▼

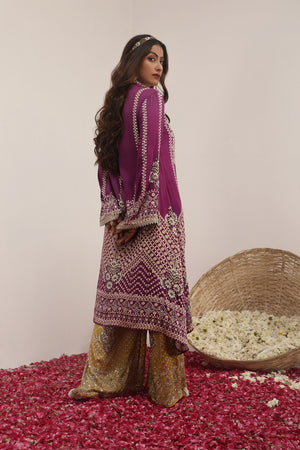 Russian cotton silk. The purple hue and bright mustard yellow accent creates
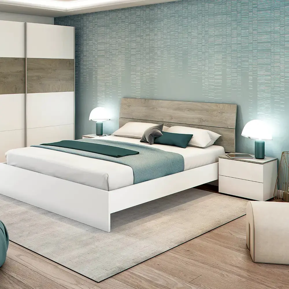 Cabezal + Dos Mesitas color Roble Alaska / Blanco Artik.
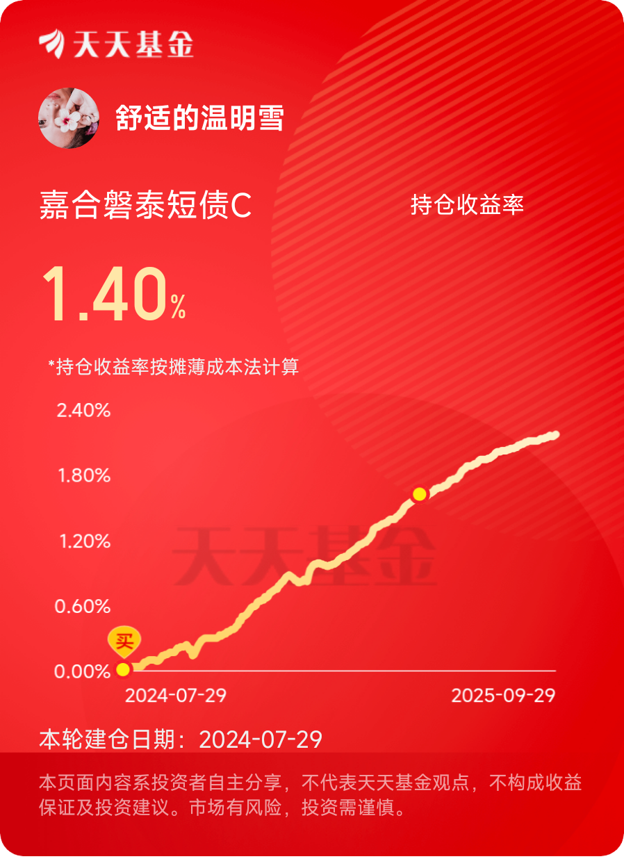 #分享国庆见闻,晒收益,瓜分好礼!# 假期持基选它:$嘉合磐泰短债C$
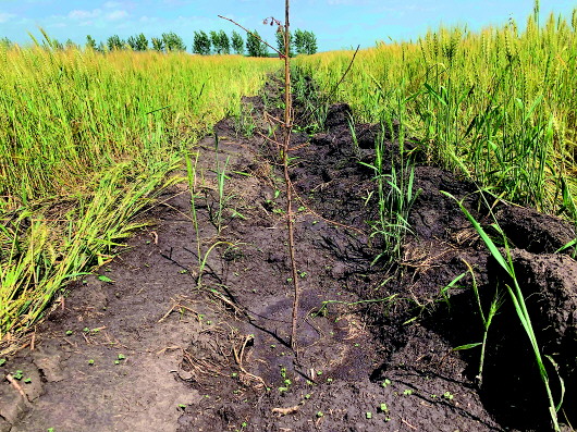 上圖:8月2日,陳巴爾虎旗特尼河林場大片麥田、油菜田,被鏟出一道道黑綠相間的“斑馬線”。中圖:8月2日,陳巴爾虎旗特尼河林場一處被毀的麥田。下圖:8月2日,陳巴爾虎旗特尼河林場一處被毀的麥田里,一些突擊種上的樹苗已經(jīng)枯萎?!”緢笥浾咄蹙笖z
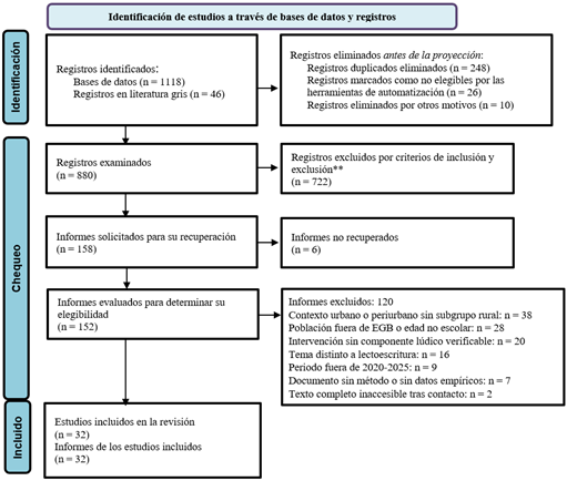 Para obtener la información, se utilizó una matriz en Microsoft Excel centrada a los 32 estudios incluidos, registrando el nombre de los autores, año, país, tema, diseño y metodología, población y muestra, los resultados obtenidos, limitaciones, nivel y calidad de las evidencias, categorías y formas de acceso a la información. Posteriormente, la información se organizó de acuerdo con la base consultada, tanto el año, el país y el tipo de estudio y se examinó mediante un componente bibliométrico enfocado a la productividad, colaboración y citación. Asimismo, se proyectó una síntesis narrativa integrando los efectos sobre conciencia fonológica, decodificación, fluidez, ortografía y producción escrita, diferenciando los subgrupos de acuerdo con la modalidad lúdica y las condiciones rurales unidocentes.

▲

### WHAT TO DO
Nothing but the lines from the beginning of the material through the line with "上圖:8月2日,陳巴爾虎旗特" should appear, printed exactly, with no pictures among them.

### TASK RESULT
 Russian cotton silk. The purple hue and bright mustard yellow accent creates
 Cabezal + Dos Mesitas color Roble Alaska / Blanco Artik.
 #分享国庆见闻,晒收益,瓜分好礼!# 假期持基选它:$嘉合磐泰短债C$
 上圖:8月2日,陳巴爾虎旗特尼河林場大片麥田、油菜田,被鏟出一道道黑綠相間的“斑馬線”。中圖:8月2日,陳巴爾虎旗特尼河林場一處被毀的麥田。下圖:8月2日,陳巴爾虎旗特尼河林場一處被毀的麥田里,一些突擊種上的樹苗已經(jīng)枯萎?!”緢笥浾咄蹙笖z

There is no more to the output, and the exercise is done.